Kejadian aneh hari itu ternyata tidak berhenti sampai disana. Alin dan si pria sama-sama tidak menyangka akan bertemu kembali setelah tabrakan itu. Pada hari itu juga keduanya bertemu kembali secara formal dalam urusan kerja.
Saat si pria mendatangi kantor Alin, ia diminta untuk menunggu di ruang tamu yang disediakan. Sebagai asisten manager yang bertugas hari itu, Alin lalu mendatangi pria itu. Alangkah terkejutnya mereka berdua saat bertemu kembali. Suasana mendadak canggung seketika. Namun bagaimanapun dalam urusan kerja, mereka harus profesional.
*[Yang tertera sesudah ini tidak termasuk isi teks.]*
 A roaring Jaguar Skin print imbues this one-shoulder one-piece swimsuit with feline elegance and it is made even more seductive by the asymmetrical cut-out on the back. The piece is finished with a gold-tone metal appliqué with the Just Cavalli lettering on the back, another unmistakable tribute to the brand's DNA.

Alin terlebih dulu menyapanya, "Selamat siang. Saya Alin. Ada yang bisa saya bantu?"
Si pria lalu memperkenalkan diri lalu menyatakan maksud kedatangannya. Tenyata itu adalah kantor ketiga yang ia datangi di gedung itu pada hari itu. Di akhir pembicaraan, si pria menyinggung kembali insiden lift yang mereka alami sambil berkata, "Maaf atas kejadian tadi. Saya buru-buru karena sudah mepet dengan jadwal di kantor pertama."
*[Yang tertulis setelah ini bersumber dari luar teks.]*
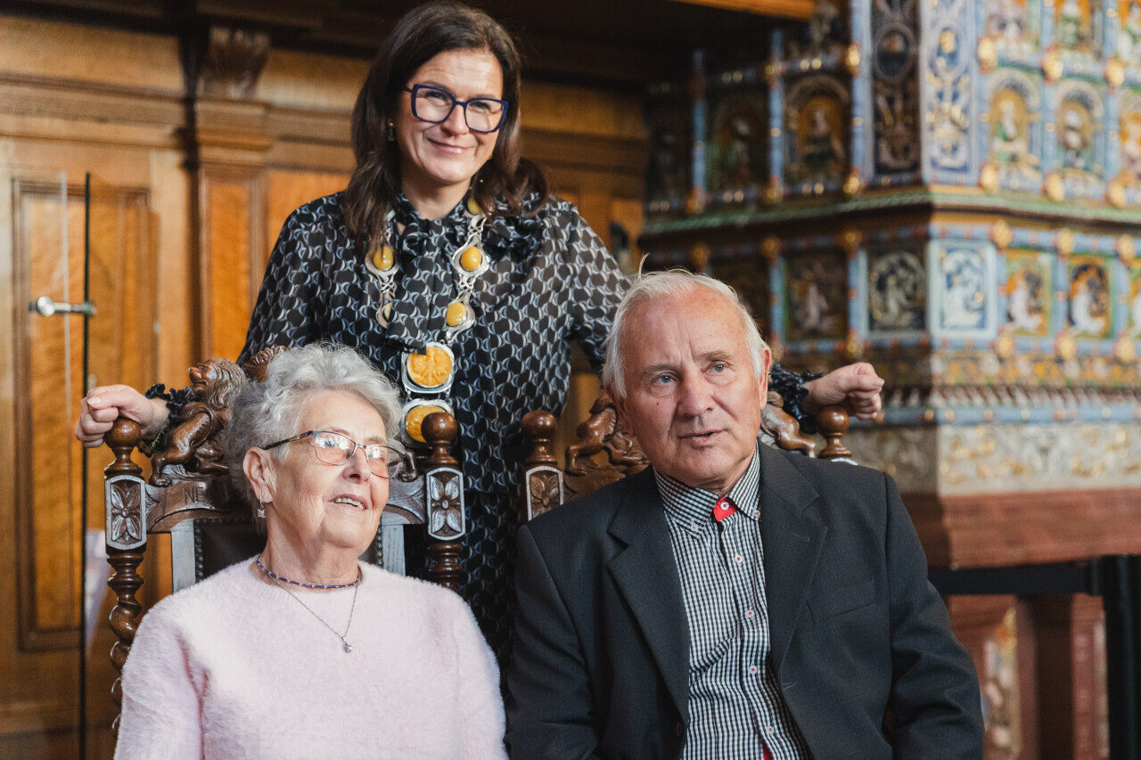Gdańsk. Dwór Artusa. Jubileusz Par Małżeńskich - Złote Gody, podczas których Prezydent Gdańska Aleksandra Dulkiewicz wręczyła medale za długoletnie pożycie małżeńskie

Alin tidak mempersoalkannya. Ia menerima satu bundel map berisi proposal produk dari si pria untuk diserahkan nantinya ke sang atasan. Ia tergelitik saat melihat nama yang tertulis di sampul map. "Elon".Â
"Kok namanya mirip aku ya?" gumamnya dalam hati.
Alin tipe orang yang linear hidupnya. Sekolah, kuliah terus kerja. Akibatnya ia tidak sempat untuk menjalin hubungan yang serius dengan seorang laki-laki pun. Meski usianya kini sudah kepala tiga, ia tidak terlalu ambil pusing dengan status single-nya. Namun dalam hatinya yang terdalam, ia tidak bisa menyangkal akan pentingnya kehadiran seseorang di dalam hidupnya.
Sebulan berselang, Elon mendatangi kembali kantor Alin. Saat jam istirahat kantor, ia sengaja menemui Alin untuk mengucapkan terima kasih karena proposalnya berhasil diterima. Ia juga ingin menyampaikan permohonan maaf atas kejadian waktu itu. Untuk itu, ia bermaksud meneraktir Alin makan siang.
Alin yang tidak menyangka, sulit untuk menolak ajakan itu. Sebenarnya ia ragu karena itu pertama kalinya ia diajak pergi seorang laki-laki. Namun suara hatinya berkata lain. Lagipula, secara etika dan tata krama, sudah semestinya ia menerima tawaran itu.
Sejak saat itu keduanya mulai menjalin hubungan yang intens dan khusus. Meski demikian, masih ada keraguan yang dirasakan Alin. Berbagai pertanyaan muncul di dalam benaknya.
"Apakah ia orangnya? Benarkah ia orang yang ku tunggu-tunggu selama ini? Bagaimana aku tahu jika keyakinanku itu benar?" renungnya.